Une vingtaine de minutes plus tard, Thierry, l’animateur de la soirée, nous annonce le show de Skinny Molly. Mike Estes se pointe coiffé d’un chapeau de « gambler » (joueur professionnel du Far West) comme celui que porte Steve Holland sur la photo de l’album No Guts, No Glory. Cela produit son petit effet. Et c’est parti !
Comme je le redoutais, les sonorisateurs ne connaissent qu’une seule façon de mixer : les basses en avant et à fond (d’ailleurs, à plusieurs reprises, le bassiste déclenchera une série d’infra basses involontairement). Enfin, tant pis ! Placé juste devant, je me chope le son de la scène et c’est aussi bien comme ça.
Les compositions originales de Skinny Molly sont un mélange de morceaux au tempo médium (sorte de « Swamp/Southern Rock ») et de titres plus rapides, flirtant avec le « Big Rock US » (un peu dans le style de Tom Petty). (Tom Petty est lui aussi originaire de Floride, Gainesville pour être plus précis, comme beaucoup de musiciens du rock sudiste, N.dR.)
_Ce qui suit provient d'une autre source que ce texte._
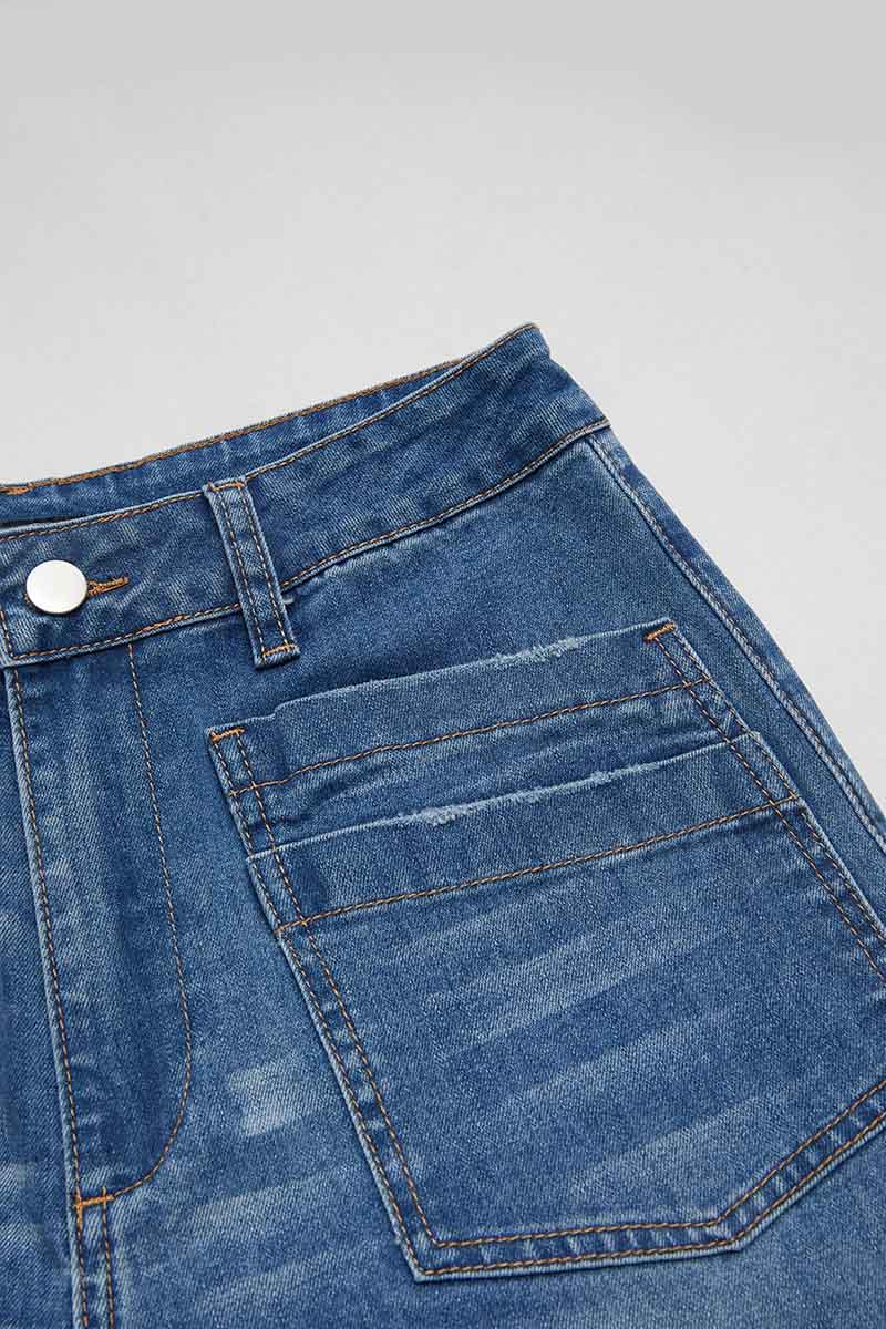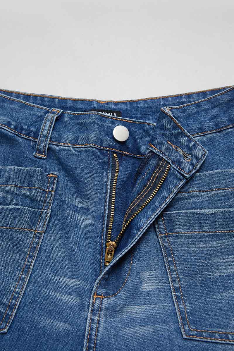 Raw hem leaves the edges of a garment unfinished, creating a deliberately frayed or unhemmed look for a relaxed and casual aesthetic; Button design makes it more fun and vertical; Real pocket for practicality; Stitch as the specific sewing technique creates decorative elements that contribute to the overall design of garments; Washed material makes it look vintage and easy on the eyes; Zipper allows for a secure closure when engaged and a smooth release when disengaged and sometimes serves as a stylish nod to modern aesthetics and a dynamic feature on graments

Côté technique, Mike Estes est égal à lui-même avec son style oscillant entre Allman Brothers et Lynyrd Skynyrd. Il reste fidèle à sa Gibson. Jay Johnson a un style plus rentre-dedans, plus hard rock et il gratte sur une guitare Dean. Et il passe son temps à bouger et sauter en rythme (la perte de quelques kilos superflus y serait-elle pour quelque chose ?).
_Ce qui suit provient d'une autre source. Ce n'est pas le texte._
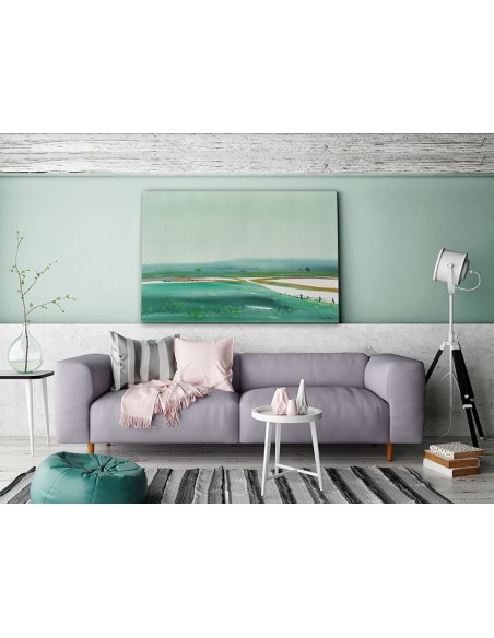 Vista de campo verde de líneas sencillas y plácidas. Reproducción de la Obra de Ruth Design

Le bassiste Luke Bradshaw monte tranquillement et avec le sourire un mur rythmique avec le batteur Kurt Pietro qui frappe toujours avec le même enthousiasme.
Mike Estes annonce « Devil In The Bottle », morceau qu’il a composé durant son passage chez Lynyrd Skynyrd et qui figure sur l’album Endangered Species. C’est toujours aussi bon !
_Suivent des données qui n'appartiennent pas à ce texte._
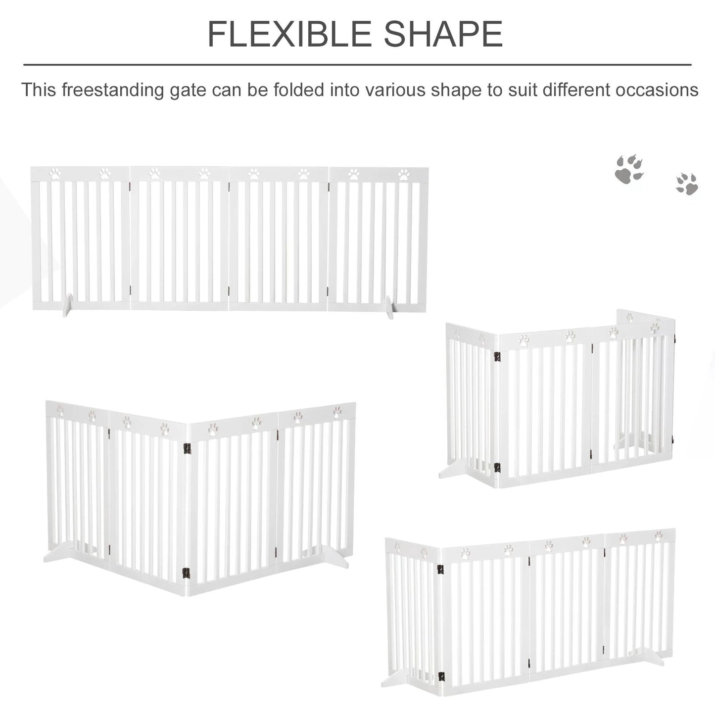 Keep your furry friend safe with our durable wooden pet gate. Easy to shape and fold, it's the perfect barrier for your dog's safety. Try it risk-free for 30 days!

Mais Skinny Molly est aussi un groupe de reprises et ils ne s’en privent pas. « Wishing Well » (chanté par Jay Johnson) et « Saturday Night Special » sont interprétés de main de maître. Ils nous envoient également un « Train Train » sur-vitaminé que n’aurait pas renié le Blackfoot de la grande époque. Mike nous fait chanter le refrain à l’unisson.
En ce qui me concerne, c’était un bon concert. Skinny Molly nous a délivré un show honnête, d’une excellente facture, quoique sans surprise.
Je répondrai donc par avance aux critiques d’éventuels détracteurs. Le manque d’originalité ? Oh ! Cela reste du bon vieux rock sudiste. Le jeu quelquefois approximatif de Mike Estes ? Très rarement, quand il se laisse emporter mais on lui pardonne. Le trop grand nombre de reprises en concert ? On appelle cela l’héritage !
Et puis ces mecs sont venus du fin fond du Tennessee pour porter la bonne parole du rock sudiste. Alors, que demander de plus en ces temps incertains ?
Décidément, la vie nous réserve parfois de bonnes surprises.
Olivier AUBRY (Photos et Article)
L’équipe de RTJ était aussi la veille de Montfermeil en Aquitaine pour voir Skinny Molly. Merci aux organisateurs les Outcasts d’Aquitaine de nous avoir permis de voir dans le sud-ouest Skinny Molly, ce qui est une vraie rareté. Vers 22 h les Bootleggers emmenés par Didier Céré au chant et Frédo à la guitare lead vont prouver sur une scène immense qu’ils sont bien le groupe français préféré des Texans. Juste revenus d’une tournée au Texas, les Boolteggers vont nous gratifier d’un « Sweet Home Alabama » devenu une vraie signature sur scène du groupe. N’oublions pas que dans les années 80, Didier avait un groupe sudiste appelé Abilène.